◆ Dataset extract:

_____

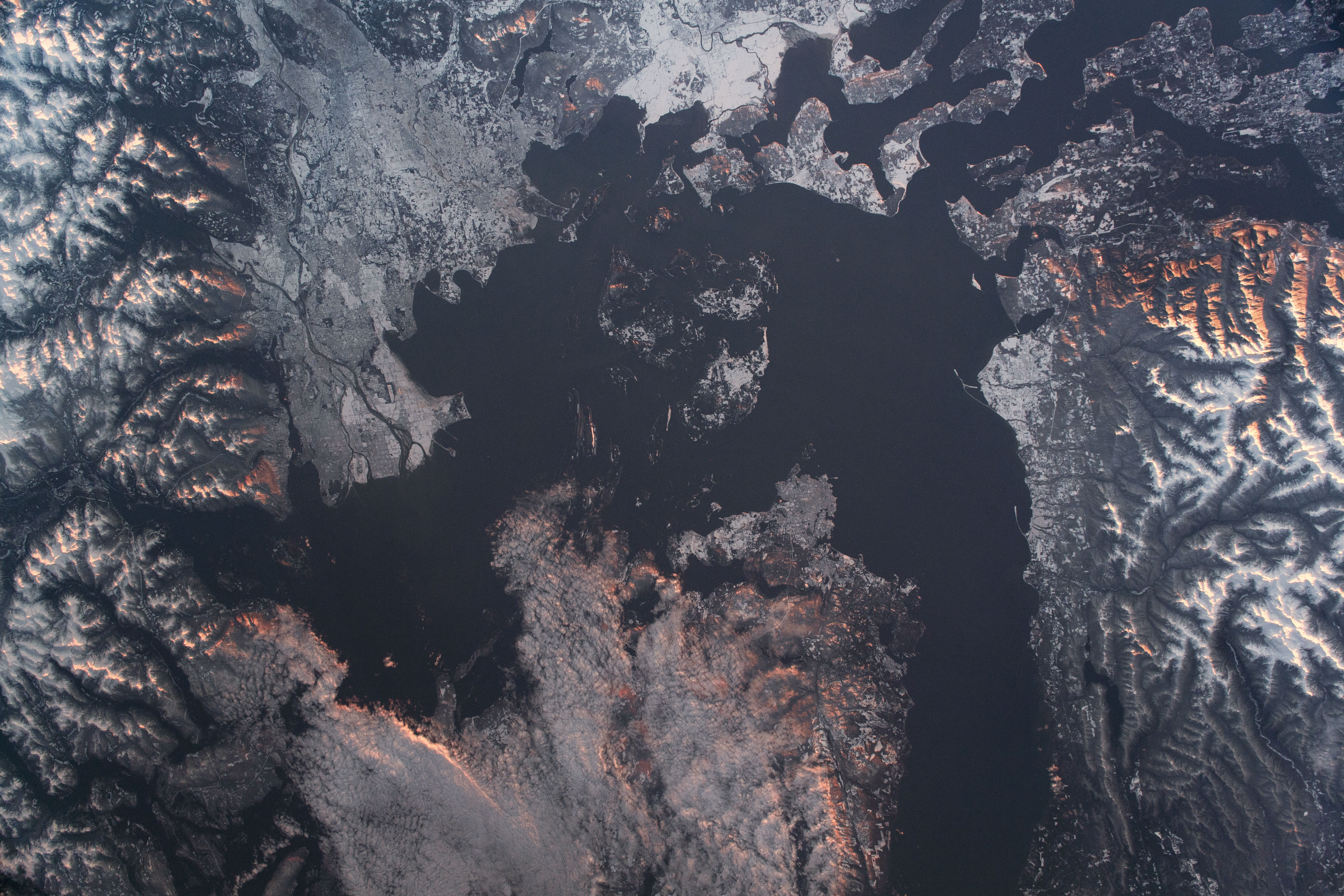 While the people of the Pacific Northwest were waking up to freshly fallen snow, an astronaut photographed this sunrise view of the state of Washington (United States) and the province of British Columbia (Canada). Cities, towns, and islands around the Salish Sea were blanketed in snow. Clouds and mountain peaks were illuminated by the rising Sun’s warm hues.
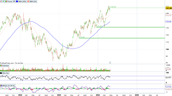 En el gráfico se muestra la cotización de las acciones de la clase C (GOOG). El valor se encuentra en tendencia alcista de corto, medio y largo plazo. Como anticipa la cotización en after hours, hoy hará nuevos máximos históricos, por lo que se encuentra en subida libre, sin resistencias. La verticalidad de la subida nos deja sin soportes cercanos, si bien la zona de cierre del hueco que dejará hoy (zona de 158) podría funcionar como soporte.
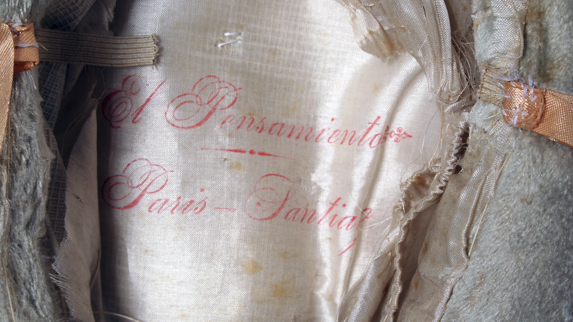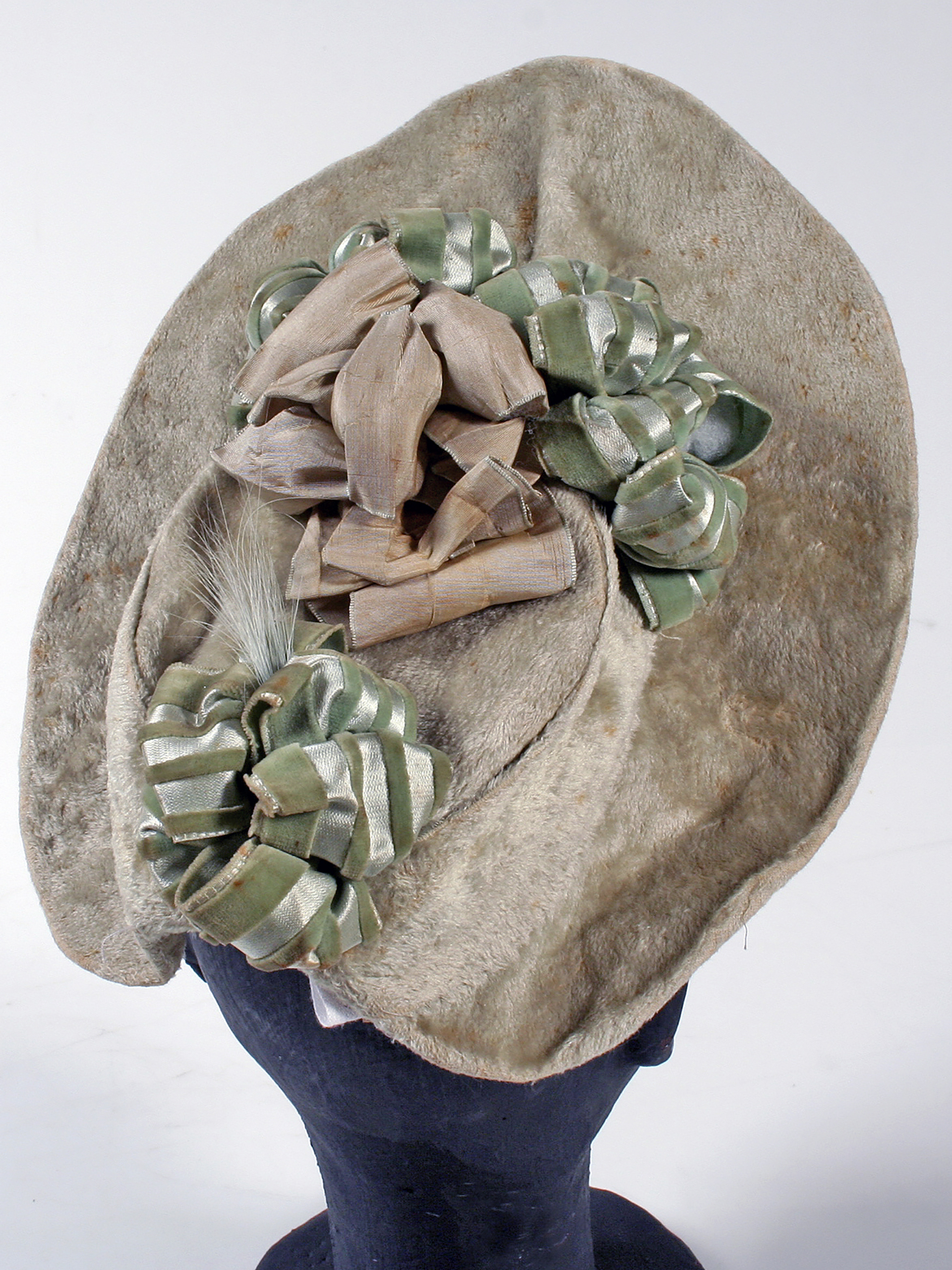 Gray fur cap with a wide front brim, adorned with green and light brown ribbons on the crown and a feather in the center. Brand 'El Pensamiento' Paris-Santiago. French manufacture.

_____

◆ What is expected:
Could the lines above be copied out exactly, with no image carried over?

◆ Expected output:
 While the people of the Pacific Northwest were waking up to freshly fallen snow, an astronaut photographed this sunrise view of the state of Washington (United States) and the province of British Columbia (Canada). Cities, towns, and islands around the Salish Sea were blanketed in snow. Clouds and mountain peaks were illuminated by the rising Sun’s warm hues.
 En el gráfico se muestra la cotización de las acciones de la clase C (GOOG). El valor se encuentra en tendencia alcista de corto, medio y largo plazo. Como anticipa la cotización en after hours, hoy hará nuevos máximos históricos, por lo que se encuentra en subida libre, sin resistencias. La verticalidad de la subida nos deja sin soportes cercanos, si bien la zona de cierre del hueco que dejará hoy (zona de 158) podría funcionar como soporte.
 Gray fur cap with a wide front brim, adorned with green and light brown ribbons on the crown and a feather in the center. Brand 'El Pensamiento' Paris-Santiago. French manufacture.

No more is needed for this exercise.